Task objective: Will you output all of the data below exactly, omitting the images?

Supplied data:
#####

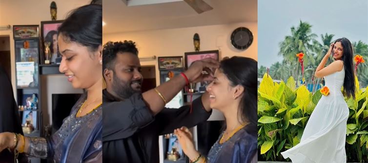 తాజాగా రాఖీ పండుగ సందర్భంగా శ్రీదేవి రాఖీ కడుతున్న సమయంలో మెడలో పసుపు తాడు వేసుకొని కనిపించింది. అయితే కొత్తగా పెళ్లైన వారి మెడలో ఇలాంటి పసుపు తాడు కనిపిస్తుంది. అయితే అలాంటి తాడే శ్రీదేవి మెడలో కూడా కనిపించడంతో చాలామంది ఇదేంటి శ్రీదేవి పెళ్లి చేసుకుందా.. మెడలో ఆ పసుపు తాడు ఏంటి అని అందరూ షాక్ అవుతున్నారు.ప్రస్తుతం దీనికి సంబంధించిన వీడియో సోషల్ మీడియాలో వైరల్ గా మారింది. ఇక మరి కొంతమందేమో శ్రీదేవి ఏదైనా కొత్త సినిమాలో నటిస్తుంది కావచ్చు.అందుకే అలా మెడలో పసుపు తాడుతో కనిపించింది అని కామెంట్స్ పెడుతున్నారు.
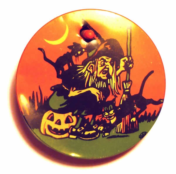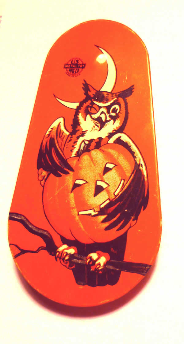 One of my favorite pieces of Halloween non-fiction writing is an essay by Carl B. Holmberg called "Things That Go Snap-Rattle-Clang-Toot-Crank in the Night: Halloween Noisemakers" (from the book HALLOWEEN AND OTHER FESTIVALS OF DEATH AND LIFE), and that essay really got me started on noisemakers. Strangely enough, I never used noisemakers as a kid (apparently they never really made it to the west coast), but I just love their colorful graphics and the idea of kids making scads of noise with these things on Halloween night. I've attached photos of two that are probably my favorites: You can't beat that image of the witch with her cats, and the winking owl with the jack-o'-lantern just somehow always make me smile.
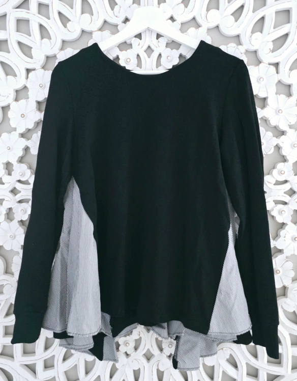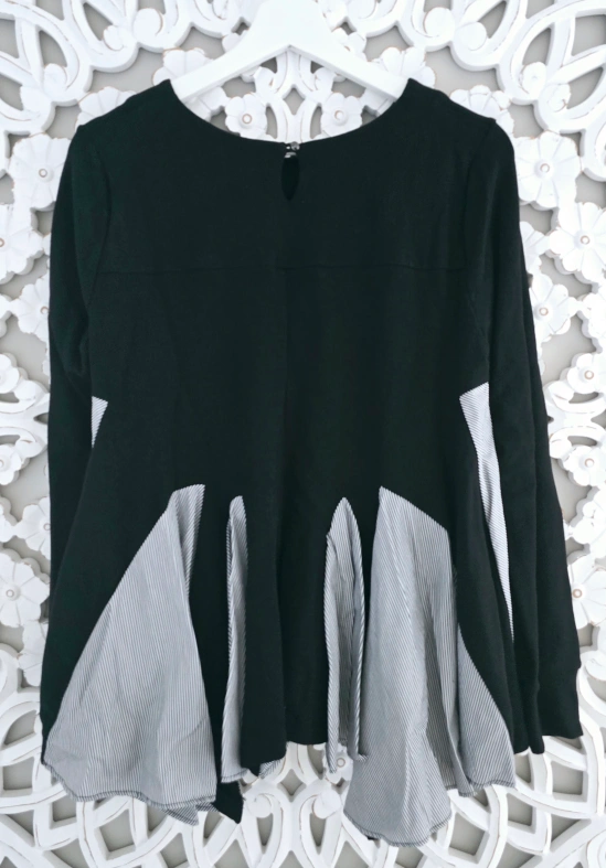 New with tag Long sleeve top. Black and grey striped detailing. Unique asymmetrical design. Relaxed fit.

#####

Exercise result:
 తాజాగా రాఖీ పండుగ సందర్భంగా శ్రీదేవి రాఖీ కడుతున్న సమయంలో మెడలో పసుపు తాడు వేసుకొని కనిపించింది. అయితే కొత్తగా పెళ్లైన వారి మెడలో ఇలాంటి పసుపు తాడు కనిపిస్తుంది. అయితే అలాంటి తాడే శ్రీదేవి మెడలో కూడా కనిపించడంతో చాలామంది ఇదేంటి శ్రీదేవి పెళ్లి చేసుకుందా.. మెడలో ఆ పసుపు తాడు ఏంటి అని అందరూ షాక్ అవుతున్నారు.ప్రస్తుతం దీనికి సంబంధించిన వీడియో సోషల్ మీడియాలో వైరల్ గా మారింది. ఇక మరి కొంతమందేమో శ్రీదేవి ఏదైనా కొత్త సినిమాలో నటిస్తుంది కావచ్చు.అందుకే అలా మెడలో పసుపు తాడుతో కనిపించింది అని కామెంట్స్ పెడుతున్నారు.
 One of my favorite pieces of Halloween non-fiction writing is an essay by Carl B. Holmberg called "Things That Go Snap-Rattle-Clang-Toot-Crank in the Night: Halloween Noisemakers" (from the book HALLOWEEN AND OTHER FESTIVALS OF DEATH AND LIFE), and that essay really got me started on noisemakers. Strangely enough, I never used noisemakers as a kid (apparently they never really made it to the west coast), but I just love their colorful graphics and the idea of kids making scads of noise with these things on Halloween night. I've attached photos of two that are probably my favorites: You can't beat that image of the witch with her cats, and the winking owl with the jack-o'-lantern just somehow always make me smile.
 New with tag Long sleeve top. Black and grey striped detailing. Unique asymmetrical design. Relaxed fit.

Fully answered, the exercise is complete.